We have over 60% of our expected volumes hedged for the remainder of 2024 that will help inflate our cash flows from near-term price volatility. We have continued to add to our hedge portfolio for 2025, and we'll maintain our strategy of adding on hedges for 2026. Again, we had another solid quarter, and we'll continue to focus on generating long-term value for our shareholders.
With that, we'll open the call for questions.
[Operator Instructions] And our first question will come from Tim Rezvan with KeyBanc.
My first question, in the release, you gave some comments on Aethon, but I was hoping to maybe get a little more color. You mentioned in the release a delayed initial production from some wells in the second quarter. Can you clarify what that means? Is that a deferred till or are they choking back production?
And then if you could kind of give broader comments on if Aethon has sort of formally come out of this time out that they entered in December.
Thanks, Tim. Appreciate the question. And I guess -- this is Taylor, I'll take a quick pass on just your first part of that question on the delayed production. To clarify what we said in the release -- so we had previously announced that there was a number of wells that the first production date was just going to be delayed a little bit. And so the comment there in the release is specific to those wells that were previously announced, and we're excited to see those wells go ahead and come online like we mentioned, 8 of the 10 and anticipate the other 2 coming along in the second half of the year.

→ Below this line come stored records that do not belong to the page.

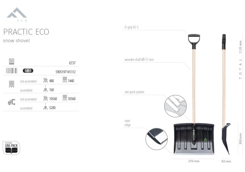 Lopata na sníh Praktic Eco černá je lehká a praktická lopata na odklízení sněhu. Je vyrobena z kvalitního dřeva s plastovým držadlem a násadou, která je opatřena ocelovou hranou pro snadnější rozbíjení zmrzlého ledu a sněhu. Lopata je vyrobena až do -18°c.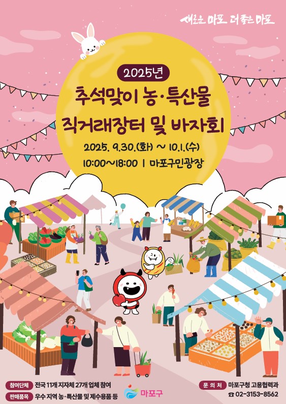 마포구(구청장 박강수)는 9월 30일부터 10월 1일까지 마포구민광장에서 ‘2025년 추석맞이 농·특산물 직거래장터 및 바자회’를 개최한다.
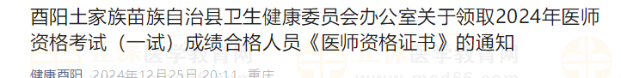 酉陽土家族苗族自治縣衛(wèi)生健康委員會辦公室關(guān)于領(lǐng)取2024年醫(yī)師資格考試(一試)成績合格人員《醫(yī)師資格證書》的通知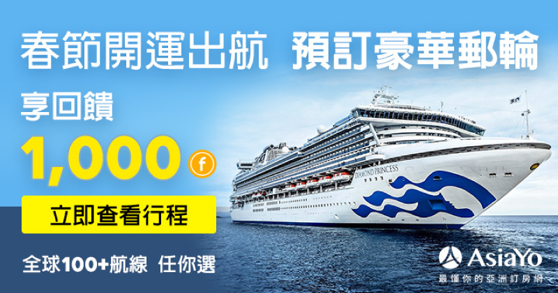 遠傳用戶福利12月亮點1:春節開運出航 豪華郵輪享1,000遠傳幣回 饋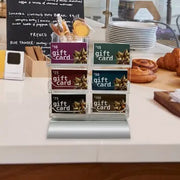 The Acrylic 6-Slot Gift Card Holder with Snap Base is a great way to display gift cards on countertops.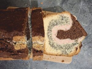Wykonanie: białka jaj oddzielić od żółtek. Mąkę przesiać z proszkiem do pieczenia. Margarynę/masło utrzeć z cukrem na puszystą masę. Nie przerywając ucierania, dodawać po jednym żółtku, na przemian z olejem i mąką z proszkiem. Masa powinna być gładka. Ciasto podzielić na 4 równe części. Białka ubić ze szczyptą soli na sztywną pianę. Podzielić na 4 równe części. Każdą część ciasta wymieszać delikatnie z częścią piany. Do pierwszej części dodać 2 łyżki kakao, do drugiej – ½ szklanki suchego maku, do trzeciej malinowy kisiel, do czwartej – 1 łyżkę mąki. Do wąskiej blachy, wysmarowanej masłem i oprószonej mąką, wylewać ciasto warstwami w kolejności: ciasto białe, makowe, z kisielem, kakaowe. Piec w temperaturze 170˚C przez około 45 minut (do suchego patyczka).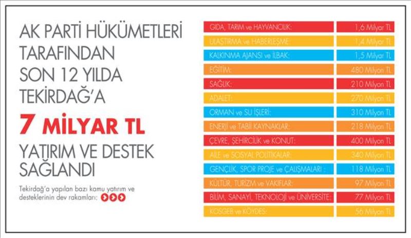 AK PARTİDEN TEKİRDAĞA 7 MİLYARLIK YATIRIM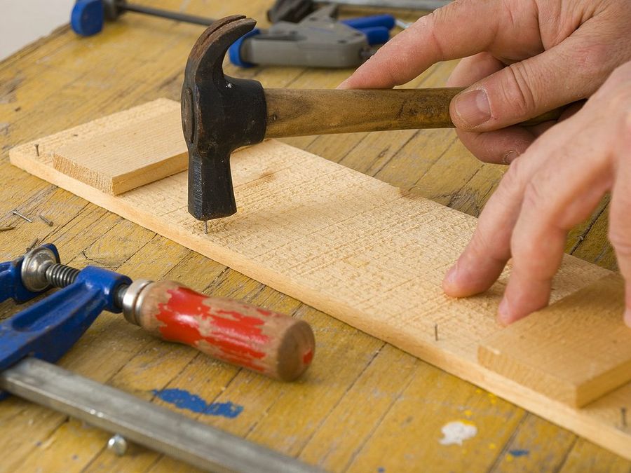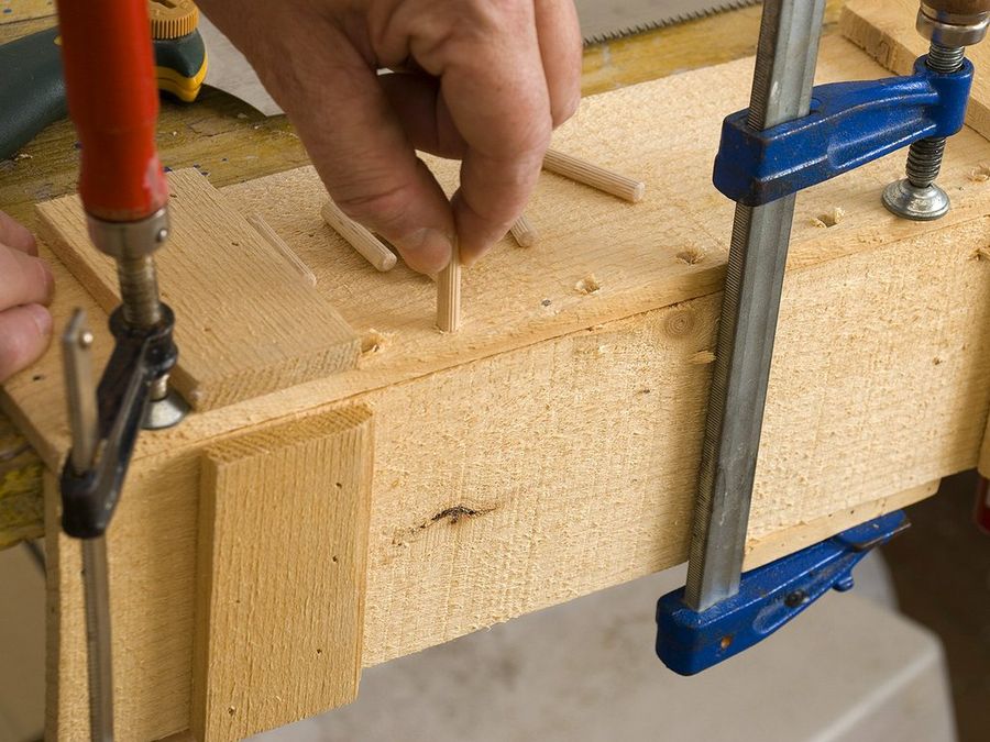 Encolaremos las dos tablas mediante espigas o tubillones. Antes ponemos unas puntillas que hacen más cómoda la tarea.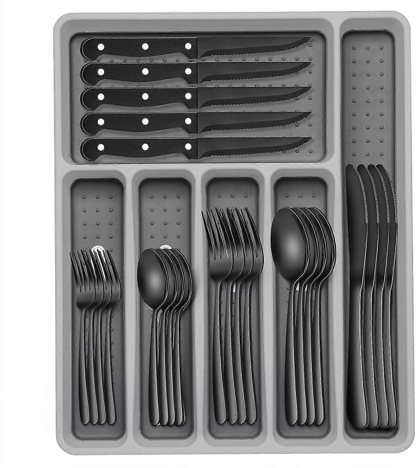 49-Piece Hammered Silverware Set with Organizer, Heavy Duty Stainless Steel Flatware for 8, compatible with steak knives, rust-proof, mirror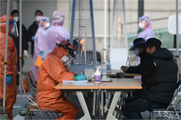 4일 오전 서울 은평구청에 마련된 선별진료소을 찾은 시민들이 코로나19 문진표를 작성하고 있다. (사진=이한형 기자)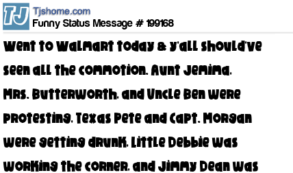 X says Went to Walmart today & y'all should've seen all the commotion. Aunt Jemima, Mrs. Butterworth, and Uncle Ben were protesting, Texas Pete and Capt. Morgan were getting drunk, Little Debbie was working the corner, and Jimmy Dean was showing everybody his sa

Okay. Okay. So that's -- the IP rates you gave suggests those are the typical fully producing rates. Okay. And then can you clarify on the time out part of that question, are they officially out? Do you get notification? How does that process work?

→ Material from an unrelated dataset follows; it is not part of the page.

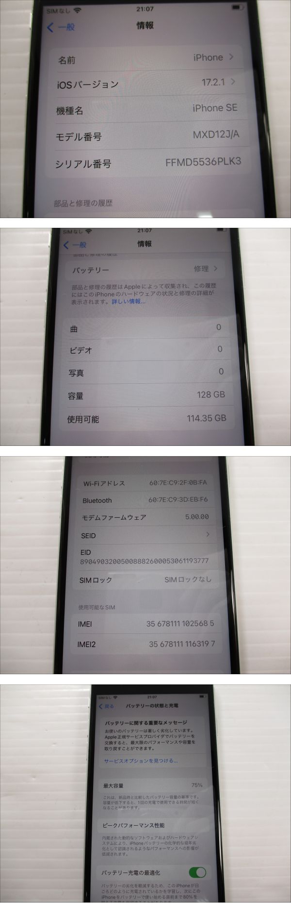 ※他 出品商品との「同梱発送不可」となります。 ※おまとめ依頼があった場合でも「個別取引」となりますので予めご了承くださいませ。 ※弊社指定の配送方法となりますので、配送方法変更不可となります。 (沖縄県は(60サイズ以上の商品)ゆうパックのみでの配送) ※領収書発行可能 (領収書は商品同梱となりますのでメール送信・別住所への郵送はできません) 領収書が必要な場合は、支払完了前までに取引ナビにてお知らせください。 ※落札より2日以上ご連絡が無い場合は「落札者都合でのキャンセル」となります。 ------------------------------------------------------------------------------------------- 【機種】iPhone SE 第二世代 【キャリア】docomo 【容量】128GB 【型式】MXD12J/A 【カラー】ホワイト 【動作】通電確認済 ※充電可能/電源入ります(出品時) ※傷・汚れ有。長期保管の中古商品、現状でのお渡しとなりますので、画像にてご確認の上ご入札お願いいたします。美品・完品をお求めの方は入札をお控えくださいませ。 【バージョン】17.2.1 【IMEI】 ※利用制限(docomo):〇 【SIMロック】無し ※付属品につきまして、画像に写っているものが全てとなります。 ※アクティベーションロックは解除済みの商品となります。 ※商品の詳細につきまして、専門業者ではございませんのでお答えできかねる場合がございます。 ※状態に関して、経年劣化による、小傷や汚れ等はご了承くださいませ。 見落としがある可能性も御座いますので、詳細は画像にてご確認頂き、画像にてご判断頂ける方のみ御入札をお願い致します。 ※電化製品・精密機器等の保証はございません。 | |||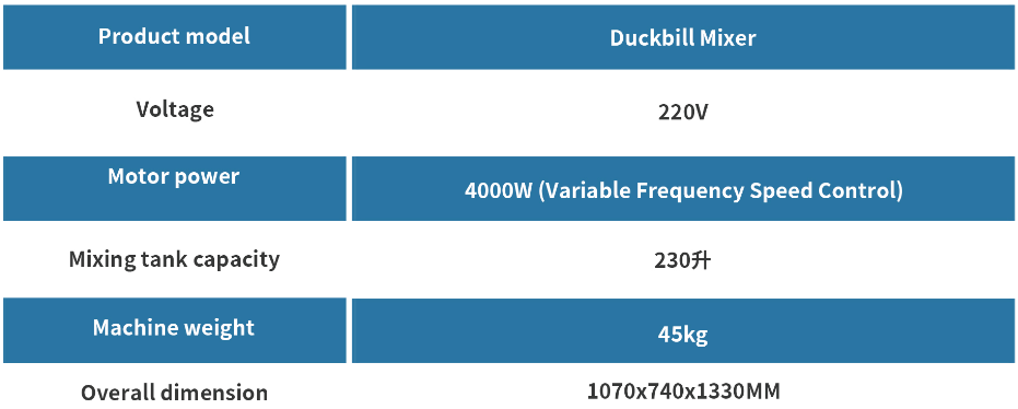 The Duck-Bill Mixer is a professional mixing equipment named for its mixing components or discharge structureresemblinga duck’s bill. It is suitable for mixing various materials such as coatings, mortars, and self-levelingmaterials. Its unique duck-bill design enables efficient mixing and precise discharging of materials,effectivelyreducing material residue and improving mixing uniformity. The equipment is made of high-quality materials,featuring corrosion resistance and easy cleaning. It meets the hygiene and usage standards of industries suchas chemical engineering and construction.

Tim, this is Carrie Clark. Yes, I think not to -- we can't really speak to that, not withholding any information, but I think what was put in the press release is we're still talking with Aethon as far as a formal declaration of coming out of time out. That's not really -- it's something that we can speak to definitively right now. But I can say that they did put 3 new wells in February -- and those wells, I think, have just come online.
We have not seen additional -- initial production rate yet, but we're still talking with them on how best to move forward holistically.
Okay. Okay. I understand. I appreciate that. And then as my follow-up, in the release, you continue to highlight mineral acquisitions in this emerging but not yet disclosed Gulf Coast area. And I was curious kind of what is precluding you from discussing it more openly, is there a critical mass of acreage you want to acquire? Are you waiting to get some sort of formal agreement with an operator. I know you can't give color, but I was wondering if you could give a little more detail on what the guideposts are to evolve that process.
Sure. Yes. I mean, we're -- as is pretty standard, we're not speaking in a great amount of detail publicly or formally about that acquisition program that we've shared quite a bit of information about it. We're just still trying to maintain -- we're trying to assimilate a position that's accretive to the position that we already have that lines up with the science and some technical work that we've done over the last year. And it's that, I think, pretty much covers it as far as the acquisition program.
Okay. All right. I understand you can't say too much.
[Operator Instructions] It looks like we have no additional questions at this time. I'd like to pass it now back to speakers for any closing remarks.
Okay. Thank you all very much for joining us for the 2Q '24 earnings call, and we look forward to speaking with you at the next quarter. Thank you so much.
Thank you, ladies and gentlemen. This concludes today's presentation. You may now disconnect.